[Work required]
Every record must be copied exactly, except that pictures are dropped.

Source data
*** Begin section ***

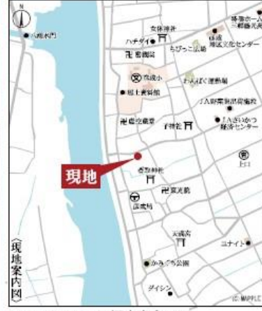
Car navigation 三郷市彦倉1-33

【物件概要】所在地/埼玉県三郷市彦倉1-33(地帯・住居表示)土地権利/所有権/敷地目/宅地/口数/棟数/4棟/販売棟数/4棟/建物構造/木造在来軸組工法2階建(910モジュール)都市計画/市街化区域/用途地域/第一種低層住居専用地域/建ぺい率/60%/容積率/100%/設備/電気/個別LPG/公費水道/下水口/接続状況/北側6.4m公道/西側4m公道/東側完成/2025年6月中旬引渡日/2025年6月下旬引渡/※広告の取扱いに関しては法令遵守にてお願いいたします。※期戸・期別・需給・カーテンレール・防水パン・カーポートはオプションとなります。※宅地内に電柱及び変電が入る場合があります。※司法書士上、当社指定となります。※図面と現況に相違がある場合は現況優先とします。※全棟が長期優良住宅対象物件です。広告有効期限/2025年2月28日
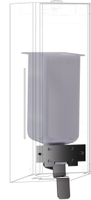
EXOS. Konverteringssats för tvåldispenser för flytande tvål
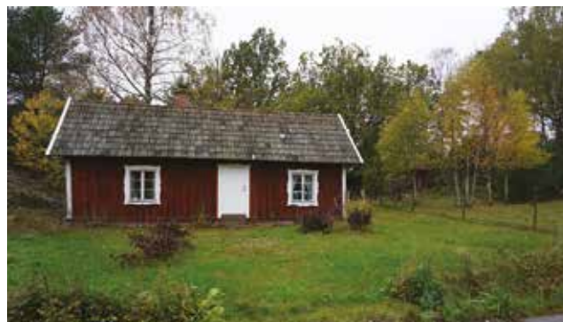
Hagstugan, eller Kroken, Skogs-Ekeby 6:37.

Krigslida bildades senast under 1500-talet och blev
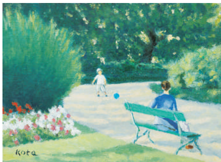
公園の母子 2019年(個人蔵)
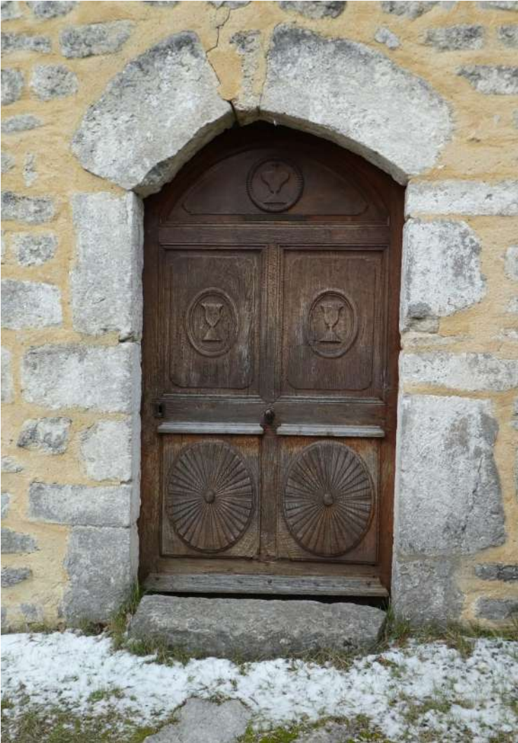
Porte d'entrée de la chapelle des Sias, dite « des Sept Douleurs »
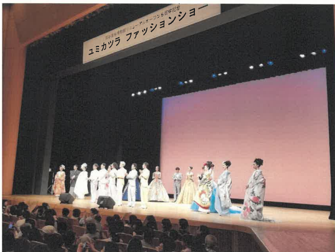
岡谷蚕糸博物館リニューアルオープン5周年記念事業 (ユミカツラ ファッションショー)
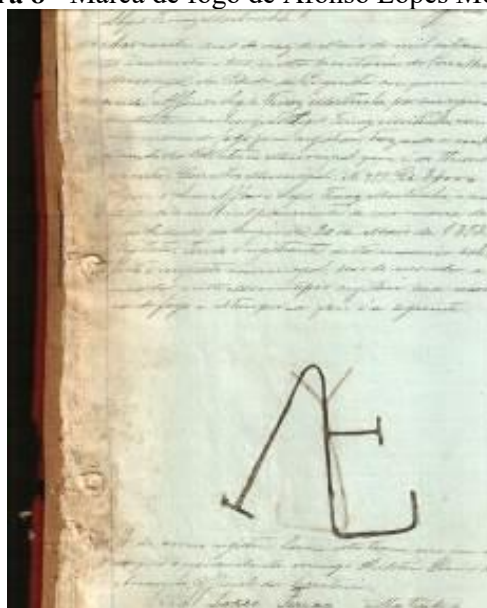
Figura 8 - Marca de fogo de Afonso Lopes Moitinho
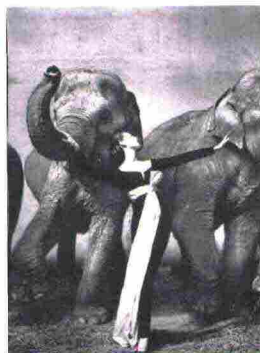
Da sinistra, uno scatto di Richard Avedon e la foto Il divenire dei quadrati di Nicolò Quirico.

Fino al 31 ottobre, Milano ospita la 17ª edizione del Photofestival , la più ricca e importante rassegna meneghina dedicata alla fotografia d'autore. Quest'anno, con il titolo Ricominciare dalle immagini. Indagini sulla realtà e sguardi interiori , la rassegna invita a soffermarsi sull'importanza delle immagini (appunto) per osservare il mondo e noi stessi con occhi diversi, recuperando una normalità mai apprezzata come ora. In mostra ci sono gli scatti di grandi nomi. Ma anche di artisti emergenti, che vale assolutamente la pena scoprire. Info: milanophotofestival.it ,
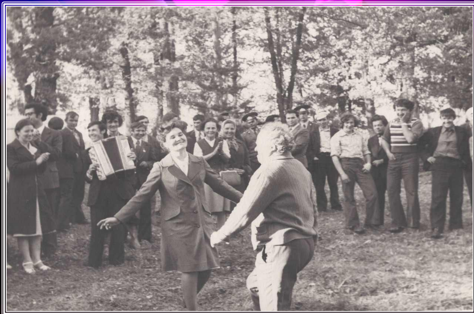
Республиканың атказанган балетмейстеры Котдус Хесәенов
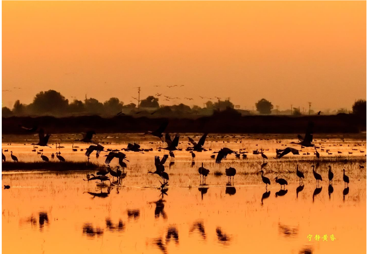
图1 清晨，朝阳刚刚映红天边，沙丘鹤们便开始活动。

北加州木桥生态保护区(Woodbridge Ecological Reserve)是观赏沙丘鹤(Sandhill Crane)绝佳地点。每年深秋到来年初春，沙丘鹤从便会从阿拉斯加和加拿大等地来此过冬。数量从几千到几万只。沙丘鹤们在保护区浅水区里过夜及在周边的水稻田/玉米地觅食和在草地里游戏。各地游客来到木桥观赏沙丘鹤在大自然的舞台上演绎璀璨鹤生。
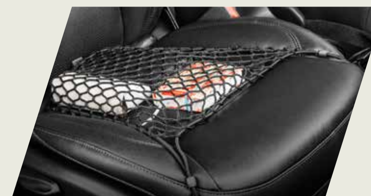
RED ELÁSTICA DE ASIENTO DELANTERO
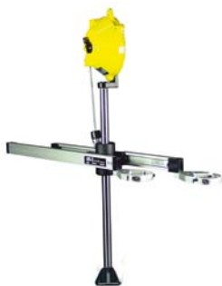
easy-linearfix-Twin für 2 Schrauber
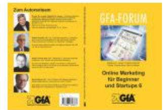
Online Marketing für Beginner und Startups / Online Marketing für Beginner und Startups 6 Ladenpreis: 15,30EUR
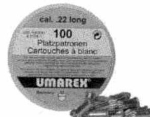
Naboje hukowe UMAREX kal. 6mm long Kod produktu: 4.1121-1
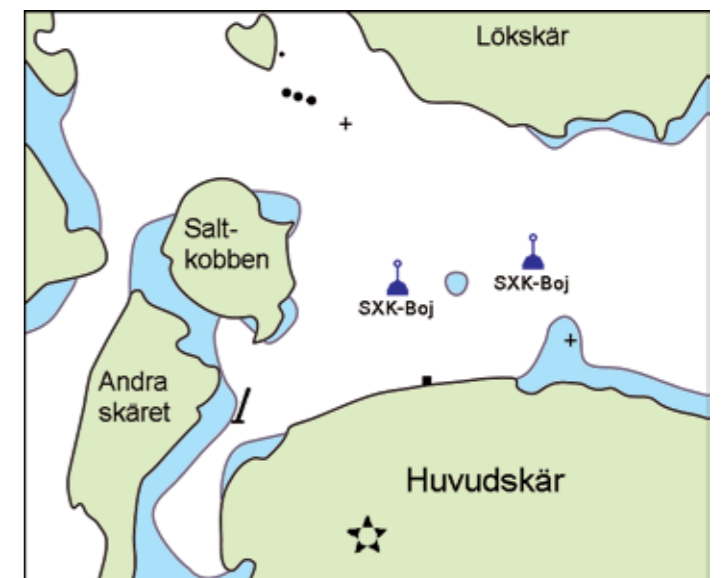
Huvudskär Sjökort 616 N 58°57',910 E 18°34',130 Bsp Stockholm Södra sid. 36,43. Bojarna ligger i fladen Ålandsskär-Lökskär.
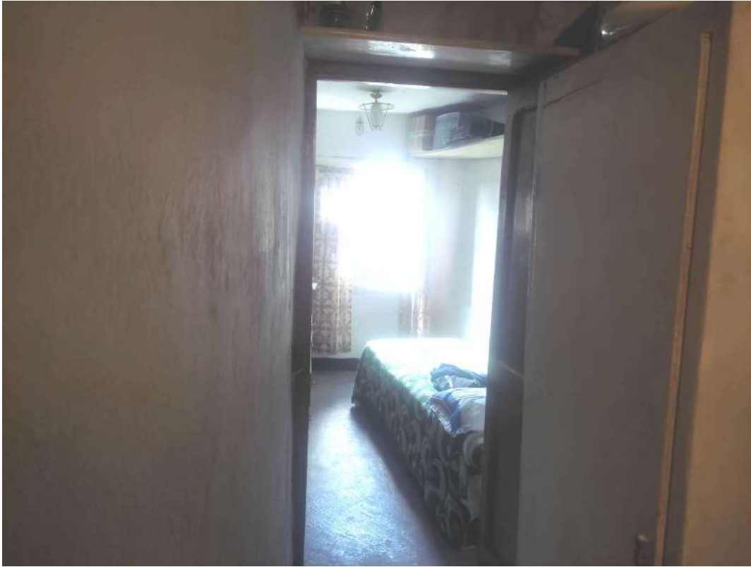
Camera passante – piano primo
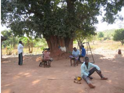
Des enfants handicapés mentaux accueillis dans la communauté de Bangwe
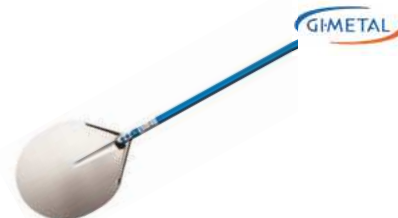
Łopata do pizzy; 18/10, Al Pizza shovel; 18/10, Al.

Durable, specially balanced • Perforation removes excess flour from the pizza • Strong, oval tubular design of the handle • Riveted blade connection does not carry vibration on the handle
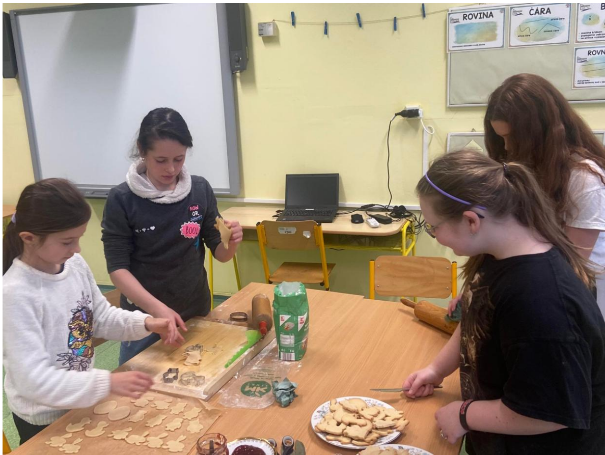
Tvoříme pro výstavy
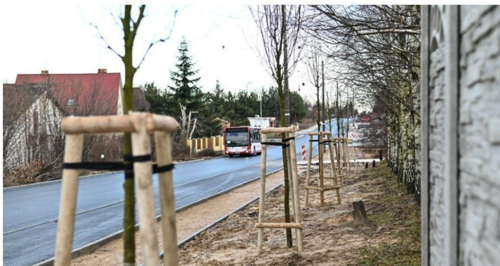
Miejski Zarząd Dróg i Transportu w Częstochowie zadbał o nowe nasadzenia na remontowanej ulicy św. Brata Alberta UM w Częstochowie
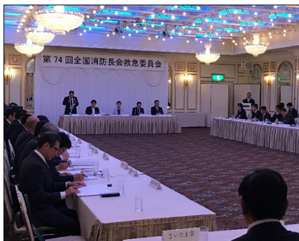
【救急委員会の様子】
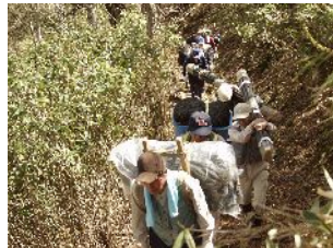
森林保全 鹿防護ネット敷設
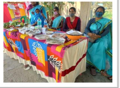
বিকিকিনির পসরা নিয়ে দুয়ারে সরকারের শিবিরে আমরা - স্বয়ন্তর গোষ্ঠীর সদস্যরা - মেখলিগঞ্জ, কোচবিহার

সহায়তার জন্য (১০৭০ / ২২১৪-৩৫২৬) নম্বরে সরাসরি ফোন করুন অথবা আপনার নিকটতম 'বাংলা সহায়তা কেন্দ্র'-এ যোগাযোগ করুন।
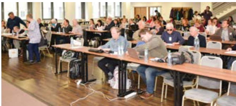
Konferencia 2018 o využití Braillovo písma v rámci kultúrnych podujatí
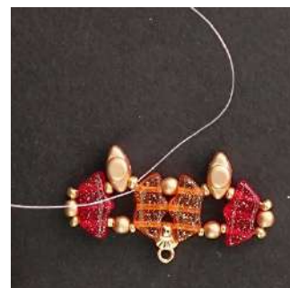
8) Fare un doppio nodo, tagliare l'estremità del filo
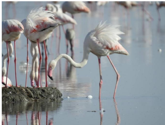
شکل ۸: فلامینگو بزرگ در محل جوجه‌آوری و تخم‌های افتاده در آب. تالاب شادگان.

دارند ولی طی بازدیدها شواهدی از حمله این گونه‌ها به کلونی به دست نیامد. شاید علت آن روش جوجه‌آوری فلامینگو باشد که آشیانه‌های آنها به‌صورت متراکم ساخته شده و وجود تعداد زیادی از پرندگانی بالغ در این مکان، راه را برای شکار آسان جوجه‌ها و از بین رفتن تخم‌ها می‌بندد. تالاب شادگان یک اکوسیستم ارزشمند و شناخته شده و عضو کنوانسیون رامسر است. منطقه جوجه‌آوری فلامینگو بزرگ هم یک بخش مهم از این بدنه آبی است. بنابراین اگرچه لازم است در طول سال این منطقه از هر آلودگی و تخریبی به دور باشد و در دوره زادآوری فعالیت‌های حفاظتی و مراقبتی افزایش یابند ولی باید در نظر داشت بدون داشتن نگاه اکوسیستمی و دیدن همه بخش‌های تالاب، حفاظت از این منطقه به‌عنوان یک بخش مستقل نتیجه‌بخش نخواهد بود و لازم است حفاظت از کل تالاب مد نظر قرار گیرد تا این منطقه کلیدی بابت عدم رسیدگی به دیگر بخش‌های تالاب آسیب نبیند.
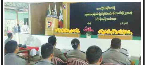
tr ppe & n& c f i h i f i e f t r ၆၀ ( 2 ^ 2 0 1 7 ) o i f i e f q i f y l u k...
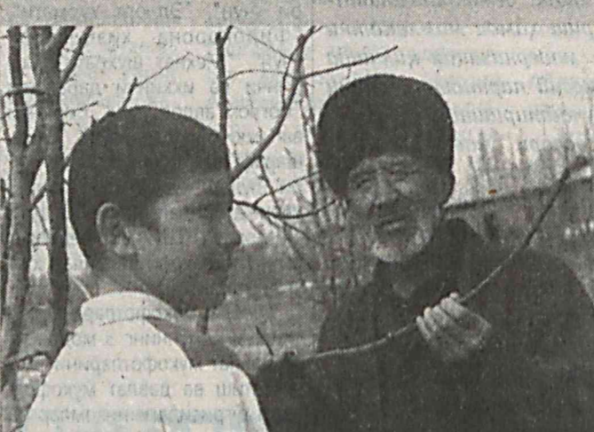
Тайлоқ туманидаги 1200 дан ортиқ фермер хўжалиги, 2 та йирик корхона, қимёсериш ва бошқа хизмат кўрсатувчи ташкилотларни бirlаштирган «Тезкор — барак» — файз» агрофирмаси ишчи бозор талаблари асосида ташкил этиб, юқори рентабелликка эришмоқда. Натижада деҳқонларнинг моддий манфаатдорлиги ортиб, истеъмол бозорини сифати маҳсулотлар билан тўлдириб имкониятлари кенгаймоқда.
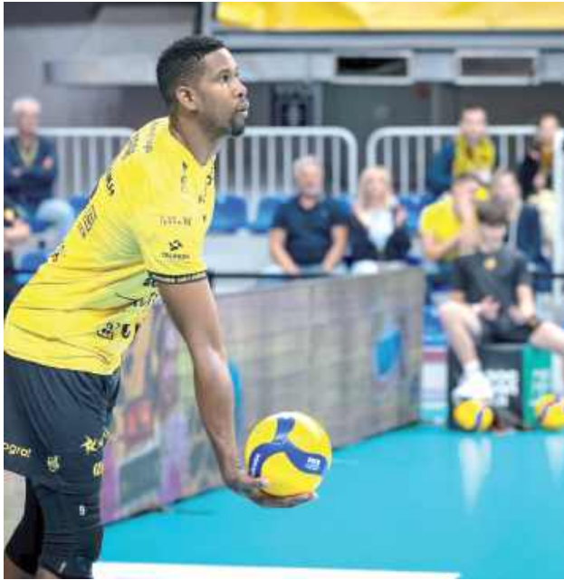
Wilfredo Leon - gwiazda Bogdanki LUK Lublin

Mistrzowie Polski rywalizować będą w siatkarskiej Lidze Mistrzów, a priorytetem będzie oczywiście obrona tytułu na boiskach PlusLigi. Ta rozpocznie się 21 października, bo wówczas ruszy nowy sezon polskiej ligi. Szczegółowego terminarza jeszcze nie ma, ale do tego czasu lublinianie mają czas na przygotowania.
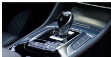
Možnost izbire 7-stopenjskega samodejnega menjalnika DCT na izvedenkah Comfort in Luxury
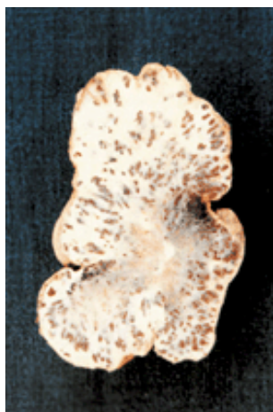
Figura 2. Corte transversal de un tumor carbonoso mostrando las soras dispuestas en forma de estrías.

*** End section ***

[Task answer]
Car navigation 三郷市彦倉1-33

【物件概要】所在地/埼玉県三郷市彦倉1-33(地帯・住居表示)土地権利/所有権/敷地目/宅地/口数/棟数/4棟/販売棟数/4棟/建物構造/木造在来軸組工法2階建(910モジュール)都市計画/市街化区域/用途地域/第一種低層住居専用地域/建ぺい率/60%/容積率/100%/設備/電気/個別LPG/公費水道/下水口/接続状況/北側6.4m公道/西側4m公道/東側完成/2025年6月中旬引渡日/2025年6月下旬引渡/※広告の取扱いに関しては法令遵守にてお願いいたします。※期戸・期別・需給・カーテンレール・防水パン・カーポートはオプションとなります。※宅地内に電柱及び変電が入る場合があります。※司法書士上、当社指定となります。※図面と現況に相違がある場合は現況優先とします。※全棟が長期優良住宅対象物件です。広告有効期限/2025年2月28日
EXOS. Konverteringssats för tvåldispenser för flytande tvål
Hagstugan, eller Kroken, Skogs-Ekeby 6:37.

Krigslida bildades senast under 1500-talet och blev
公園の母子 2019年(個人蔵)
Porte d'entrée de la chapelle des Sias, dite « des Sept Douleurs »
岡谷蚕糸博物館リニューアルオープン5周年記念事業 (ユミカツラ ファッションショー)
Figura 8 - Marca de fogo de Afonso Lopes Moitinho
Da sinistra, uno scatto di Richard Avedon e la foto Il divenire dei quadrati di Nicolò Quirico.

Fino al 31 ottobre, Milano ospita la 17ª edizione del Photofestival , la più ricca e importante rassegna meneghina dedicata alla fotografia d'autore. Quest'anno, con il titolo Ricominciare dalle immagini. Indagini sulla realtà e sguardi interiori , la rassegna invita a soffermarsi sull'importanza delle immagini (appunto) per osservare il mondo e noi stessi con occhi diversi, recuperando una normalità mai apprezzata come ora. In mostra ci sono gli scatti di grandi nomi. Ma anche di artisti emergenti, che vale assolutamente la pena scoprire. Info: milanophotofestival.it ,
Республиканың атказанган балетмейстеры Котдус Хесәенов
图1 清晨，朝阳刚刚映红天边，沙丘鹤们便开始活动。

北加州木桥生态保护区(Woodbridge Ecological Reserve)是观赏沙丘鹤(Sandhill Crane)绝佳地点。每年深秋到来年初春，沙丘鹤从便会从阿拉斯加和加拿大等地来此过冬。数量从几千到几万只。沙丘鹤们在保护区浅水区里过夜及在周边的水稻田/玉米地觅食和在草地里游戏。各地游客来到木桥观赏沙丘鹤在大自然的舞台上演绎璀璨鹤生。
RED ELÁSTICA DE ASIENTO DELANTERO
easy-linearfix-Twin für 2 Schrauber
Online Marketing für Beginner und Startups / Online Marketing für Beginner und Startups 6 Ladenpreis: 15,30EUR
Naboje hukowe UMAREX kal. 6mm long Kod produktu: 4.1121-1
Huvudskär Sjökort 616 N 58°57',910 E 18°34',130 Bsp Stockholm Södra sid. 36,43. Bojarna ligger i fladen Ålandsskär-Lökskär.
Camera passante – piano primo
Des enfants handicapés mentaux accueillis dans la communauté de Bangwe
Łopata do pizzy; 18/10, Al Pizza shovel; 18/10, Al.

Durable, specially balanced • Perforation removes excess flour from the pizza • Strong, oval tubular design of the handle • Riveted blade connection does not carry vibration on the handle
Tvoříme pro výstavy
Miejski Zarząd Dróg i Transportu w Częstochowie zadbał o nowe nasadzenia na remontowanej ulicy św. Brata Alberta UM w Częstochowie
【救急委員会の様子】
森林保全 鹿防護ネット敷設
বিকিকিনির পসরা নিয়ে দুয়ারে সরকারের শিবিরে আমরা - স্বয়ন্তর গোষ্ঠীর সদস্যরা - মেখলিগঞ্জ, কোচবিহার

সহায়তার জন্য (১০৭০ / ২২১৪-৩৫২৬) নম্বরে সরাসরি ফোন করুন অথবা আপনার নিকটতম 'বাংলা সহায়তা কেন্দ্র'-এ যোগাযোগ করুন।
Konferencia 2018 o využití Braillovo písma v rámci kultúrnych podujatí
8) Fare un doppio nodo, tagliare l'estremità del filo
شکل ۸: فلامینگو بزرگ در محل جوجه‌آوری و تخم‌های افتاده در آب. تالاب شادگان.

دارند ولی طی بازدیدها شواهدی از حمله این گونه‌ها به کلونی به دست نیامد. شاید علت آن روش جوجه‌آوری فلامینگو باشد که آشیانه‌های آنها به‌صورت متراکم ساخته شده و وجود تعداد زیادی از پرندگانی بالغ در این مکان، راه را برای شکار آسان جوجه‌ها و از بین رفتن تخم‌ها می‌بندد. تالاب شادگان یک اکوسیستم ارزشمند و شناخته شده و عضو کنوانسیون رامسر است. منطقه جوجه‌آوری فلامینگو بزرگ هم یک بخش مهم از این بدنه آبی است. بنابراین اگرچه لازم است در طول سال این منطقه از هر آلودگی و تخریبی به دور باشد و در دوره زادآوری فعالیت‌های حفاظتی و مراقبتی افزایش یابند ولی باید در نظر داشت بدون داشتن نگاه اکوسیستمی و دیدن همه بخش‌های تالاب، حفاظت از این منطقه به‌عنوان یک بخش مستقل نتیجه‌بخش نخواهد بود و لازم است حفاظت از کل تالاب مد نظر قرار گیرد تا این منطقه کلیدی بابت عدم رسیدگی به دیگر بخش‌های تالاب آسیب نبیند.
tr ppe & n& c f i h i f i e f t r ၆၀ ( 2 ^ 2 0 1 7 ) o i f i e f q i f y l u k...
Тайлоқ туманидаги 1200 дан ортиқ фермер хўжалиги, 2 та йирик корхона, қимёсериш ва бошқа хизмат кўрсатувчи ташкилотларни бirlаштирган «Тезкор — барак» — файз» агрофирмаси ишчи бозор талаблари асосида ташкил этиб, юқори рентабелликка эришмоқда. Натижада деҳқонларнинг моддий манфаатдорлиги ортиб, истеъмол бозорини сифати маҳсулотлар билан тўлдириб имкониятлари кенгаймоқда.
Wilfredo Leon - gwiazda Bogdanki LUK Lublin

Mistrzowie Polski rywalizować będą w siatkarskiej Lidze Mistrzów, a priorytetem będzie oczywiście obrona tytułu na boiskach PlusLigi. Ta rozpocznie się 21 października, bo wówczas ruszy nowy sezon polskiej ligi. Szczegółowego terminarza jeszcze nie ma, ale do tego czasu lublinianie mają czas na przygotowania.
Možnost izbire 7-stopenjskega samodejnega menjalnika DCT na izvedenkah Comfort in Luxury
Figura 2. Corte transversal de un tumor carbonoso mostrando las soras dispuestas en forma de estrías.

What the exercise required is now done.